The most significant driver of this shift is the consolidation of political polarisation along religious lines. The BJP’s rise in Bengal has been premised on its ability to translate national narratives of identity into locally resonant idioms. What stands out is not merely the polarisation, but its efficacy when it comes to elections. Electoral choice has been recast not as a question of governance or policy, but as one of civilisational belonging. In this reframing, older markers of political mobilisation — class solidarity, linguistic identity, and regional pride — are displaced by a more encompassing narrative that seeks to define the political community in cultural and religious terms.
That said, ideological transformation alone cannot explain such an outcome. It has been enabled by a more familiar dynamic: Anti-incumbency. The All India Trinamool Congress (TMC) has had a long tenure, and Mamata Banerjee has inevitably generated fatigue. Allegations of corruption, controversies surrounding recruitment processes, and everyday experiences of bureaucratic arbitrariness have eroded the moral authority that once underpinned TMC’s populist appeal. Over time, this has produced a diffuse but pervasive sense of discontent.
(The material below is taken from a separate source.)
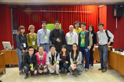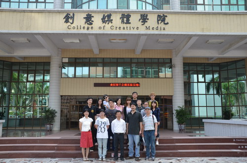 第四所交流的大学为位于台南的昆山科技大学。虽然这所大学不在台北市中心,但实力却非常之强大。系主任黄文勇教授以《试验与创新——用世界的高度玩创意》为题,向一行人介绍了昆山科技大学的概况和科研成果。作为一所私立院校,昆山科技大学无论在平面设计、动画和工业设计上都有超过许多公立大学的成就和实力,许多员工在国际比赛中崭露头角,使得昆科大的名声在国际上也为人所知。无论是低技术性的纸偶动画还是高科技的3d动画,昆科大的员工作品都创意洋溢且非常成熟。这与昆科大富有激情的办学态度密不可分,我们向黄教授请教了如何才能将专业办得如此有声有色,他说关键还是靠师生共同创作的热情,以及积极的奖惩制度,竞争机制。工作坊后,我们一行人参观了昆科大艺文产业创新育成中心。该中心基于强大的产官学结合的能力,将产业经营、影音创意、商品开发、品牌建构等连结,建立了一个强大的网络系统。该中心的成立宗旨是把艺文产业融合企业管理的概念,进而扶植具有创作能量的新锐、传统艺文工作者。有这种高瞻远瞩的动因,整个中心的软硬件都有所规划别难过配备齐全,拥有3d建模、动画室、手工工作室、光效实验室、声音视觉化实验室等多种高科技的实验室,而各种跨领域跨学科的项目成为每个人必须学习的项目。在大楼的顶部,是毕业的员工开设的小型企业,这样的小型企业与实验室结合进行运作,借助公司的品牌,以自己的实力参与市场竞争,是一种或值得借鉴的模式。

The BJP has successfully channelled this discontent into a demand for change. Its campaign has positioned itself not merely as an alternative, but as a corrective — a force that promises cleansing and renewal. Whether such claims withstand scrutiny is less important than their electoral efficacy. In moments of political fatigue, the promise of rectification often carries persuasive power.
At the same time, the electoral outcome cannot be understood without considering the role of institutions. The conduct of elections by the Election Commission of India, including exercises such as the Special Intensive Revision of electoral rolls, has been a subject of political contestation. Critics have suggested that such processes, along with the broader deployment of state machinery, may shape electoral participation in subtle ways. While definitive conclusions require careful empirical analysis, the perception of institutional alignment — of blurred boundaries between party, state, and regulatory apparatus — is itself politically consequential. It feeds into a wider narrative in which the neutrality of institutions is increasingly questioned.
Alongside these political and institutional dynamics lies an important economic dimension. The BJP’s articulation of “double-engine growth” — the idea that alignment between the state and the Union government can accelerate development — has resonated with large sections of the electorate, particularly among younger voters confronting unemployment, even precarious livelihoods. In a state long marked by industrial stagnation and limited private investment, the promise of integration into a broader national growth trajectory carries considerable appeal.
This economic narrative does not operate independently of identity politics — the two intersect in complex ways. For some voters, the promise of development reinforces their ideological alignment with the BJP. For others, it provides a pragmatic rationale for supporting a party whose cultural politics they may not fully endorse. In both cases, the convergence of material aspiration and identity-based mobilisation has proven electorally advantageous.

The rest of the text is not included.